Yellow Moccasin says that, as O'Meara could not bear for Driscoll to be skinned alive, he is not a true Sioux - underlined by his referring to the Sioux warriors as "they" instead of "we". Realizing that he is still a man without a country, O'Meara guides his wife, son, and the surviving soldiers to resettle at Fort Laramie.

==Cast==
- Rod Steiger as O'Meara
- Sara Montiel as Yellow Moccasin (as Sarita Montiel)
- Brian Keith as Capt. Clark
- Ralph Meeker as Lt. Driscoll
- Jay C. Flippen as Walking Coyote
- Charles Bronson as Blue Buffalo
- Olive Carey as Mrs.

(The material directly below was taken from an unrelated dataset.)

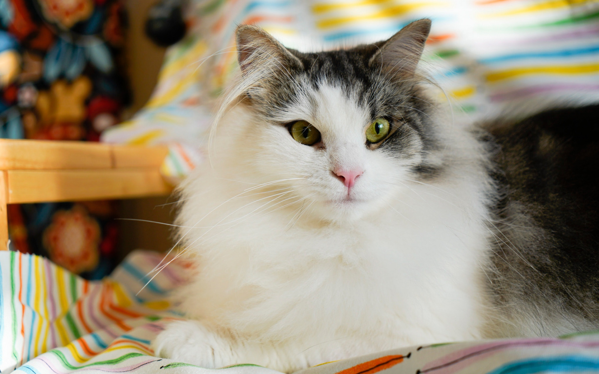 Description: A cat sitting on a blanket on a chair with a stuffed animal in the background and a stuffed animal on the floor.

O'Meara
- H.M. Wynant as Crazy Wolf
- Neyle Morrow as Lt. Stockwell
- Frank DeKova as Red Cloud (as Frank De Kova)
- Tim McCoy as Gen. Allen (as Colonel Tim McCoy)
- Stuart Randall as Col. Taylor

==Production notes==
Run of the Arrow was one of the first films to use blood squibs to simulate realistic bullets. The movie was filmed at Snow Canyon and Pine Valley Lake in St. George, Utah, which is far from actual Sioux territory.

Originally produced by RKO Radio Pictures, the studio ended its distribution activities before the movie was released. Universal Pictures handled the distribution.

Sara Montiel's voice is dubbed by Angie Dickinson.

At the time of its release, critics commented favorably on director Samuel Fuller's decision to concentrate on feet in the "run of the arrow" scene rather than showing the actors in full. Fuller later explained that Steiger had badly sprained his ankle just before the scene was to be shot and was unable to walk, so he had one of the Indian extras run in Steiger's place.

The movie is currently available through the Warner Archive Collection.

After Dances With Wolves was released in 1990, several knowledgeable critics, including Jeremy Arnold in the Los Angeles Times and Angela Aleiss in her essay for the Library of Congress' National Film Registry, noted that the plot was almost identical to this picture.